John Theodore Cash FRS (16 December 1854 – 30 November 1936) was a British physician who was Professor of Materia Medica at the University of Aberdeen for 32 years.

He was born in Manchester, son of gentleman farmer John Walker Cash, and educated at the Quaker schools at Bootham in York and at Kendal. He studied medicine at the University of Edinburgh where he qualified MB in 1876 and MD in 1879. After a period of post-graduate work in Berlin, Vienna and Paris he returned to Berlin to carry out investigative work at the Physiological Institute on muscle behaviour and in Leipzig on the digestion of fats.

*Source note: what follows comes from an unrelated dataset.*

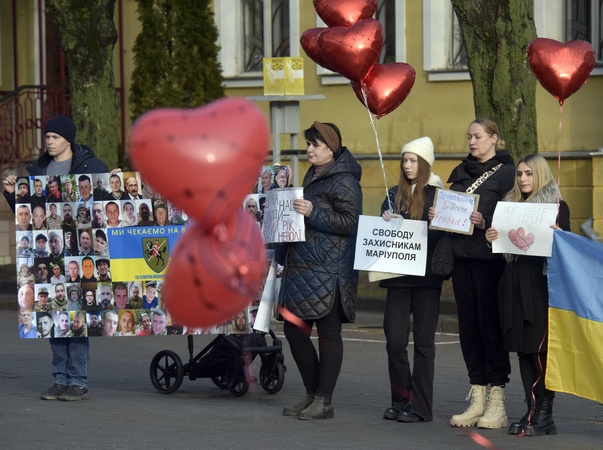 VINNYTSIA, UKRAINE - FEBRUARY 10, 2024 - Heart-shaped red balloons are pictured during a rally in Yevropeiska Square to remind about Mariupol Garrison POWs, Vinnytsia, west-central Ukraine., Credit:Oleksandr Lapin / Avalon

He then returned to London to take up a post at the pharmacological department of St Bartholomew's Hospital and published several papers on physiology. He was elected a Fellow of the Royal Society in 1887.

He was appointed Regius Professor of Materia Medica and Therapeutics at the University of Aberdeen in 1887, becoming Emeritus Professor on his retirement in 1919.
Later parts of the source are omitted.